Administrative Supplement for U54 AI170752 In the absence of an effective preventive vaccine or a cure, HIV-1 continues to be a major global health crisis. Having claimed 40.4 million lives so far with ongoing transmission in all countries globally, according to the World Health Organization, with some countries reporting increasing trends in new infections when previously on the decline. For the estimated 39.0 million people living with HIV at the end of 2022, highly active antiretroviral therapy (HAART) provides the best current hope for avoiding fatality due to the infection. While HAART has substantially reduced morbidity and mortality, it is not curative due to the formation of a very stable reservoir of latent virus in resting memory CD4+ T cells. The Duke Center for HIV Structural Biology (DCHSB) brings together a diverse team of scientists to focus on structural studies of the HIV-1 Envelope (Env) protein that provides new insights into dynamics of HIV-1 entry and fusion with the host membrane, the Env-initiated immune activation of B cell receptors, and the role of anti-Env antibodies in blocking viral rebound. This multicomponent application for an Administrative Supplement for U54 AI170752, will accelerate membrane protein technologies for HIV-1 Env studies, aimed at structural dissection of the mechanisms of antibody interactions to the Membrane Proximal External Region (MPER), understanding HIV-1 coreceptor tropism and elucidating the mechanism of a gp41 directed fusion inhibitor. The second component will add a Direct Detector Camera to our existing Tundra microscope to enable routine high resolution cryo-EM data acquisition for HIV-1 Env samples. The third component will acquire a Nanotemper Monolith X for robust equilibrium measurement of challenging biomolecular interactions with minimal sample consumption.

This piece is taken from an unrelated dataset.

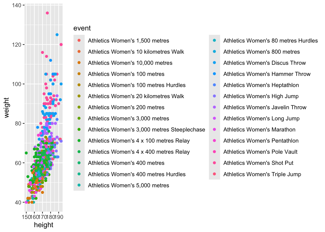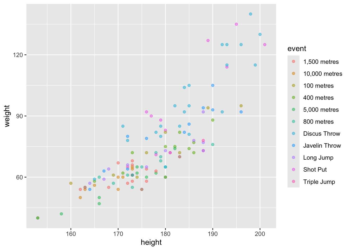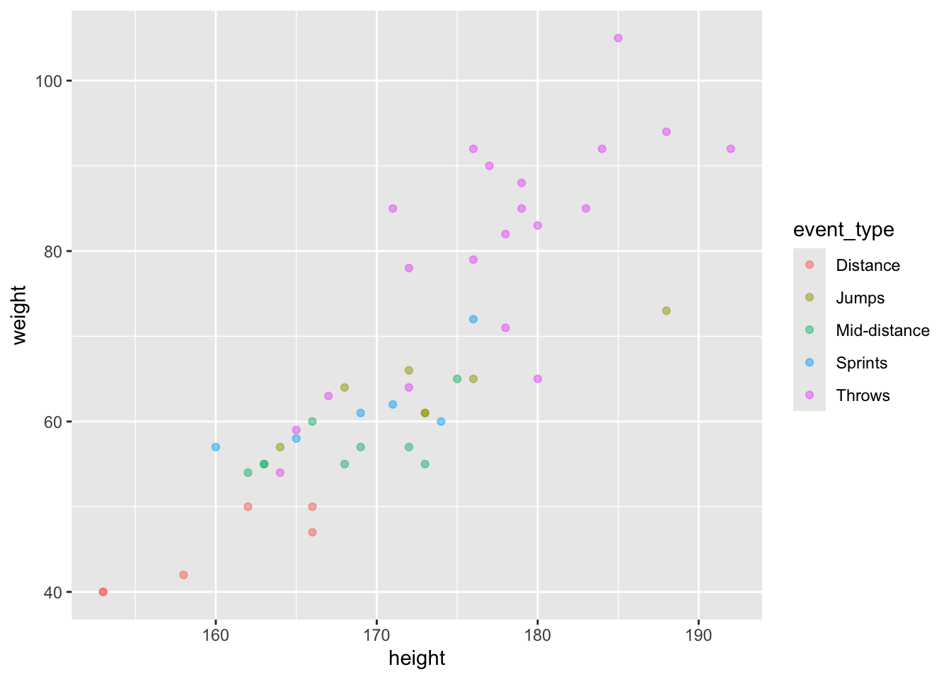 # this is still too much, let's group themathletics <- athletics %>%mutate(event_type =case_when( event %in%c("10,000 metres", "5,000 metres") ~"Distance", event %in%c("800 metres","1,500 metres") ~"Mid-distance", event %in%c("100 metres", "400 metres") ~"Sprints", event %in%c("Long Jump", "Triple Jump", "High Jump") ~"Jumps", event %in%c("Shot Put", "Discus Throw", "Javelin Throw") ~"Throws",))# now it's time to subset by sexathletics_f <- athletics %>%filter(sex=="F")athletics_m <- athletics %>%filter(sex=="M")# plot femaleathletics_f %>%ggplot(aes(height, weight, color=event_type))+geom_point(alpha=0.5)

In this multicomponent application for an Administrative Supplement for U54 AI170752, the first component will accelerate membrane protein technologies for HIV-1 Env studies, aimed at structural dissection of the mechanisms of antibody interactions to the Membrane Proximal External Region (MPER), understanding HIV- 1 coreceptor tropism and elucidating the mechanism of a gp41 directed fusion inhibitor. The second component will add a Direct Detector Camera to our existing Tundra microscope to enable routine high resolution cryo-EM data acquisition for HIV-1 Env samples. The third component will acquire a Nanotemper Monolith X for robust equilibrium measurement of challenging biomolecular interactions with minimal sample consumption.